There's no worse feeling than that millisecond you're sure you are going to die after leaning your chair back a little too far~ ruminations

Monster Jungle X-Ray

Well a lot can be said about language being thought of as a sort of virus, it infects us all (well the majority of us anyways) and replicates and mutates into new forms all the time. Why not use that as a vehicle for some unknown/alien contagion? It was highly original and unique, for a genre that is quickly being filled with inferior stories/producitons. I thought the film was well crafted, and it plays out like Orson Welles' War of the Worlds broadcast, just with a zombie plague. Definitely worth a rental if you are curious about something different than the standard zombie movie.
" Society doesn't accept us because of what we are, so we're an enemy of society. " - Pa Mooney, THE RATS ARE COMING! THE WEREWOLVES ARE HERE!

Mofo Rising

"From symbiosis to parasitism is a short step. The word is now a virus. The flu virus may have once been a healthy lung cell. It is now a parasitic organism that invades and damages the central nervous system. Modern man has lost the option of silence. Try halting sub-vocal speech. Try to achieve even ten seconds of inner silence. You will encounter a resisting organism that forces you to talk. That organism is the word."
-William S. Burroughs

I loved Pontypool. The opening monologue reminded me of the deliriously off-kilter parable that opened the novel John Dies at the End.

Pontypool is essentially a one-room play, and I am emphatically not a fan of one-room plays. I got a kick out of this one, though. The idea that something horrible is happening but the characters don't know what is very well played here.

It's not perfect. The "word as virus" is a bit too on-the-nose for any real conversation. But I enjoyed it for taking chances at a least trying to be literate. You don't see that too much at any time.

I also think Stephen McHattie was fantastic here. His grizzled face is right up there with Lance Henriksen.

If you like this movie, I highly recommend "The Signal," which is one of the best low-budget horror films in recent years.
Every dead body that is not exterminated becomes one of them. It gets up and kills. The people it kills, get up and kill.

The Burgomaster

I opened this because I thought it said PANTYPOOL.  I'm so ashamed . . .
"Do not walk behind me, for I may not lead. Do not walk ahead of me, for I may not follow. Do not walk beside me either. Just pretty much leave me the hell alone."

Mofo Rising

I have to admit, I'm really quite fascinated by this film.

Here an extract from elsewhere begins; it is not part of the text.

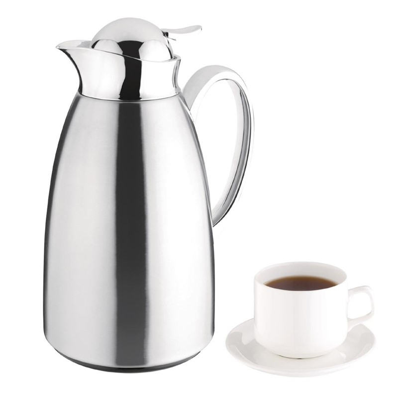 Verchroomde RVS thermoskan met glazen binnenkan. Om dranken warm of koud te houden. Met drukknop.

Looks like it has finally got a DVD release here in the states, which I recommend checking out if you like the movie. There is an hour long radio play included with the DVD, which for the most part repeats the movie. The ending is significantly different, and I recommend you check it out because it has a pretty horrifying coda.

There's also a commentary track where the writer and director discuss the planned trilogy. Sounds interesting, I hope they get the chance to make the movies.

The original book has also been re-released. Haven't read it, but hopefully its worth checking out.
Every dead body that is not exterminated becomes one of them. It gets up and kills. The people it kills, get up and kill.

theblooblob

I saw this film on blinkbox (great for b-movies if you haven't heard of it!). I agree that the concept is a bit far fetched but I liked the one-room scenario all done just through the radio. The mental images that built up for me made it all the better. Definitely a psychological film for me.